How many of the social enterprise initiatives are actually working and sustainable versus mere feel-good projects?
How well can small communities integrate immigrants?
At what point do you throw in the towel on a small community? Are there some traditions we shouldn’t try to preserve?
Community development, however, is not an intellectual enterprise. Change happens on a tactical level. And tactically, many experts would agree, the formula for building sustainable communities starts with recognizing and unpacking the gifts within the communities themselves.
Perhaps the greatest gift within each community is the realization that its citizens desperately need one another, that they’re bound together. Author and “degrowth activist” Charles Eisenstein has written that community “is not a separate ingredient for happiness along with food, shelter, music, touch, intellectual stimulation, and other forms of physical and spiritual nourishment. Community arises from the meeting of these needs.
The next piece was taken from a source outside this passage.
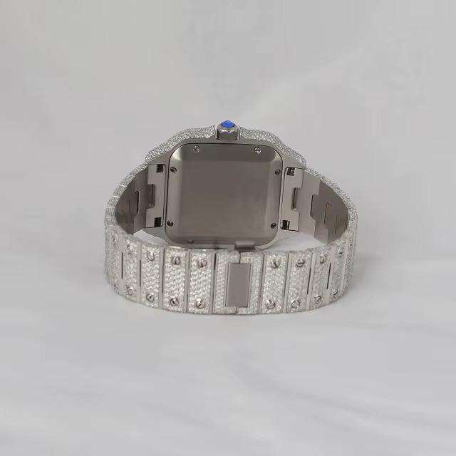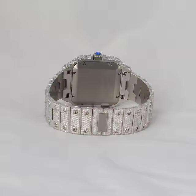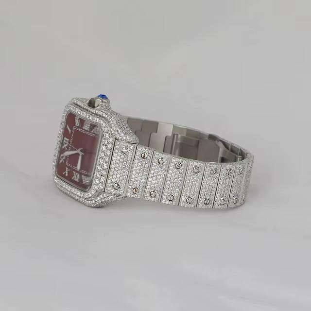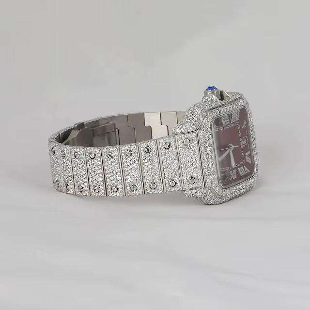 นาฬิกาข้อมือผู้ชายทรงสี่เหลี่ยมหน้าปัดแดงโรมัน ตัวเรือนสแตนเลสสตีลหรูหราประดับเพชรทรงกลมและมอสซาไนต์เต็มหน้าปัดสีเงิน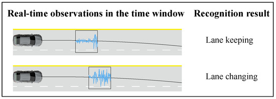 The criteria for determining whether a test sequence is recognized correctly are illustrated in Figure 7. For a test sequence with marked driving behavior, it is first divided into several subsequences based on the time window . Next, TSWHMM determines the driving intention for each subsequence. If all the recognition results match the label, the test sequence is deemed correctly recognized. Otherwise, it is considered incorrect.

There is no community possible among a group of people who do not need each other.”
There were times that Fogo Islanders, separated in their 11 outports, did not really have that sense of desperate connection with one another. Attitudes changed, and when they did, possibilities followed. Zita Cobb likes to quote one of her local mentors, a former mayor of Joe Batt’s Arm Freeman Combden. “Freeman used to say, ‘You have two ears. One should hear good things and the other one should be slightly deaf.’ The point is that there are so many reasons not to carry on. People need an overarching idea that they can see themselves in. Ours was simple: we want to be here 100 years from now and look more or less like people our ancestors would recognize. Every Fogo Islander can see something in that. Everything people feel about themselves will follow from action, so you better get out and you better dance.”